With the upgrade, the facility is now well equipped to offer different services under the Outpatient, Inpatient and Specialist Clinics. The facility can conduct both open and non-invasive spinal surgery, which is not common in Kenya. Neurosurgery, Neonatal ICU, Orthopedics with specialization in ankle, knee and shoulder joints are some of the specialty services available at Metropolitan Hospital.

Some of the specialist clinics at the facility include, Gynecology,  Family Planning, Nutrition, Ophthalmology, Endoscopy, Cardiothoracic, Medical Outpatient Clinic (MOPC), Dermatology, Urology, Oncology, General Surgery, Cardiology, Neurosurgery, Gastroenterology, Plastic Surgery, Mother & Child Health, Well Woman/Well Man, Pediatric, Surgical, Occupational Therapy, Antenatal Clinic, Comprehensive Care,  Youth & Adolescent, Ear, Nose and Throat, Orthopedic Surgery, Physiotherapy, Midwife, Counseling Psychology and Psychiatry.

The hospital is now a 160-bed capacity facility, with over   350   staff, 400   visiting   doctors   and consultants, with an upgraded parking lot fitting 189 cars and 6 floor doctors plaza housing different specialties.  It is accredited as a level 5 hospital in Kenya   and   has   a   Level   F   accreditation   for   its laboratory, both   the   among   the   highest   level attainable by   a   hospital   in   Kenya.   It   has   also installed   a   new   Accidents   and   Emergency   unit, Modular   Operating   theatres, as well as ultra-modern ICU and Maternity units. The hospital is also working towards a COHSASA accreditation by end of the year 2022.

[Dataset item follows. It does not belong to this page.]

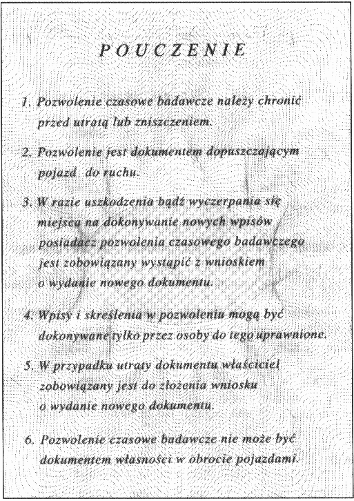 Z dniem 21 września 2002 r. nin. rozporządzenie utraciło moc, z wyjątkiem przepisów § 7 ust. 2 pkt 1 i załącznika nr 3 w zakresie wzoru pozwolenia czasowego badawczego i wzoru nalepki na tablice tymczasowe, zgodnie z § 45 rozporządzenia z dnia 22 lipca 2002 r. w sprawie rejestracji i oznaczania pojazdów (Dz.U.02.133.1123).
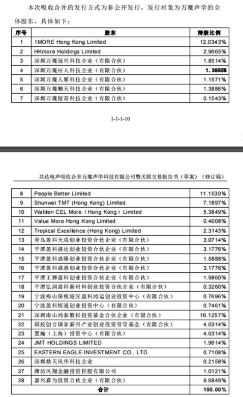 2018年11月,共达电声公告了《吸收合并万魔声学科技有限公司暨关联交易预案》,共达电声拟通过向万魔声学全体股东非公开发行股份的方式收购万魔声学100%股权。

“Today Metropolitan has a Class F laboratory, that’s the highest level of a laboratory you can have in a clinical setting, is a PCR testing center for travel, also still an isolation and treatment center in case of another wave. The facility is also much better equipped digitally to provide care through telemedicine and all the applications that came that allow digital communication.”

The COVID-19 pandemic opportunity

He describes COVID-19 during its first stages as the pandemic of fear, but which has enabled the hospital to build its capacity and skills in key areas of the facility. “Like most people, our first response to COVID-19 was to try and keep it at bay. However, we were lucky that our Chief Nurse had been part of the response team for Ebola in West Africa, which came in handy in building our capacity to respond to the pandemic in the early days of the pandemic”, he says. He continues to say that his staff were the hospital’s first priority to protect them from COVID 19. The facility therefore quickly trained its staff, acquired enough PPEs that enabled them pass through the first wave without any impact on its workforce.

The hospitals later acted as one of the main care facilities during the second wave of the pandemic, when the government facilities got overwhelmed and private facilities had to come through as care and isolation centers, converting one floor in the hospital building in to a large isolation and treatment center of 43 beds, with ICU and HDU capabilities – infrastructure that was not there before COVID-19, just like in most private hospitals in Kenya. By becoming an isolation and treatment Centre, the hospital later on through tele-training trained other practitioners on how to handle COVID-19.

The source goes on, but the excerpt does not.